Citation Nr: 18139664
Decision Date: 09/28/18	Archive Date: 09/28/18

DOCKET NO. 16-19 028A
DATE:	September 28, 2018
ORDER
Entitlement to service connection for residuals of rectal cancer, associated with exposure to contaminated water at Camp Lejeune, is denied.

REMANDED
Entitlement to service connection for asthma, associated with exposure to contaminated water at Camp Lejeune, is remanded.
FINDING OF FACT
The Veteran’s rectal cancer manifested many years after service separation and is not causally or etiologically related to exposure to contaminated water at Camp Lejeune, North Carolina.
CONCLUSION OF LAW
The criteria to establish service connection for residuals of rectal cancer are not met.  38 U.S.C. §§ 1110, 1131; 5107 (2012); 38 C.F.R. §§ 3.303, 3.307, 3.309 (2017).

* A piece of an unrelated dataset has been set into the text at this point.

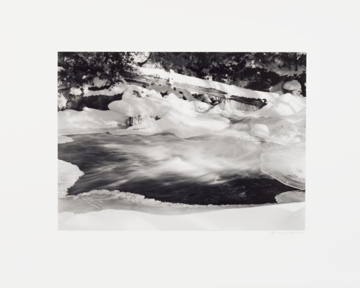 A blurred stream flows past an ice and snow covered bank. A fallen tree trunk touching the frozen part of the stream has small icicles growing along it's underside.

REASONS AND BASES FOR FINDING AND CONCLUSION
The Veteran, who is the appellant in this case, served on active duty from July 1971 to February 1978.
This matter comes before the Board of Veterans’ Appeals (Board) on appeal from a rating decision dated October 2014 of the Department of Veterans Affairs (VA) Regional Office (RO) in Louisville, Kentucky.  In May 2016, the Veteran perfected a timely substantive appeal.
Preliminary Matter
The Board has limited the discussion below to the relevant evidence required to support its finding of fact and conclusion of law, as well as to the specific contentions regarding the case as raised directly by the Veteran and those reasonably raised by the record.  See Scott v. McDonald, 789 F.3d 1375, 1381 (Fed. Cir. 2015); Robinson v. Peake, 21 Vet. App. 545, 552 (2008); Dickens v. McDonald, 814 F.3d 1359, 1361 (Fed. Cir. 2016).
Service Connection
Service connection may be granted for a disability resulting from disease or injury incurred in or aggravated by active military, naval, or air service.  38 U.S.C. §§ 1110, 1131; 38 C.F.R. § 3.303(a).  Service connection may be granted for any disease diagnosed after discharge when all the evidence, including that pertinent to service, establishes that the disease was incurred in service.  38 C.F.R. § 3.303(d).  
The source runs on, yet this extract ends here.